O encerramento da actividade do CNMP pelo Governo Civil de Lisboa, na
sequência desta exposição, constituiu o ponto de ruptura de
Maria Lamas com a Censura política pela ameaça directa à sua liberdade
profissional. Mas foi também o ponto de partida para a sua obra
de maior fôlego e que a notabilizou, não só nos meios académico e
literário, mas no meio político: 'As Mulheres do meu País'.
A publicação de 'As Mulheres do meu País', 'nascida da urgência e da
ofensa', foi o culminar de um enorme esforço e determinação para
superar, quer as dificuldades económicas resultantes da sua saída
forçada de Directora da Revista 'Modas e Bordados: Vida Feminina' do
jornal 'O Século', quer os recursos logísticos e de adaptação cultural
que aquele trabalho etnográfico de amplitude nacional envolvia,
quer a a ameaça constante da censura do regime. Alguns chamaram-lhe
'jornalismo de iniciativa', ou 'jornalismo-reportagem', o
jornalismo que consegue trazer para a luz do dia as vidas invisíveis
ou ocultas das 'minorias' grupos humanos subordinados, com pouco
controlo sobre o seu destino - normalmente ignoradas e estigmatizadas
pelo grupo dominante na sociedade. Neste caso, as mulheres.
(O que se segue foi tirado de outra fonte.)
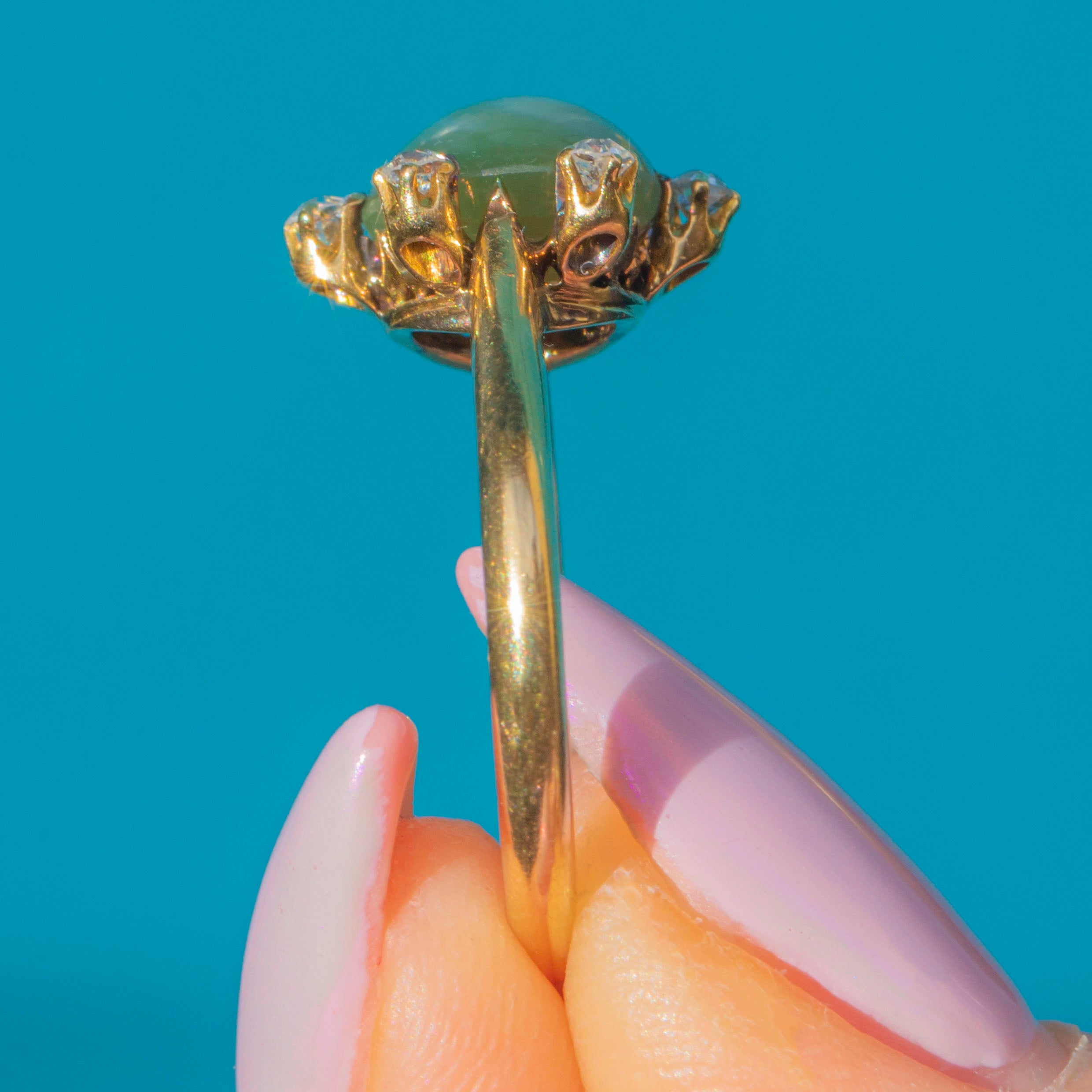 Dating to around 1915, this ring exemplifies the refined craftsmanship of the Edwardian era. Elegant, tactile, and full of natural beauty, it’s a rare and timeless treasure that perfectly blends simplicity with sophistication.
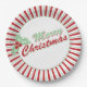 Decorate your Christmas party with these paper plates featuring a red and green candy cane stripe edge, holly leaves and berries and a retro "Merry Christmas" in the centre.

O grande empreendimento em que se tornou a publicação de 'As Mulheres
do meu País' exigiu de Maria Lamas que se tornasse uma
migrante no seu próprio país. Percorreu todos os seus distritos,
continentais e insulares, não em busca dos protótipos de figuras
femininas e de festas folclóricas que então o regime divulgava como
símbolo do nacionalismo florescente, mas procurando registar os
múltiplos quotidianos das Mulheres, nomeadamente no trabalho rural e
urbano. O texto e as fotografias com que Maria Lamas registou o
que ouviu e observou ao longo de 2 anos, (muitas das fotografias são
hoje consideradas obras relevantes e representativas do neo-
realismo português), vistos hoje, à distância de 70 anos, tornam mais
saliente a sua figura determinada, consciente da responsabilidade
de representar as Mulheres portuguesas, e de com elas enfrentar a
ideologia da mulher doméstica, humilde e resignada que o regime
impunha.
2. A paz mundial e a liberdade política.
Chegamos então a Maria Lamas, Mulher lutadora, pelas mulheres, pelos
direitos cívicos, contra o regime da ditadura e pela Paz. E
também, de novo, mulher migrante.
Maria Lamas torna-se consciente do progressivo isolamento de Portugal
em relação às democracias europeias, e dedica a maior parte
dos anos a partir do pós-guerra a defender as causas da liberdade
política, dos direitos das mulheres e da paz no mundo.
Aceita fazer conferências, escrever artigos em Jornais, adere a
Associações para a paz, nacionais e estrangeiras, representa Portugal
em
conferências internacionais, faz crónicas para a 'Rádio Moscovo' (sob
o pseudónimo de Helena Torres).
Em 1946, por exemplo, representa Portugal, enquanto Presidente do
CNMP, no I Congresso Mundial das Mulheres, que reuniu mulheres
da Resistência, ex-detidas em campos de concentração nazis, como foi o
caso de Eugénie Cotton.
Volta a representar Portugal em 1948, no II Congresso da 'Federação
Democrática Internacional das Mulheres ́ (FDIM), entretanto criada.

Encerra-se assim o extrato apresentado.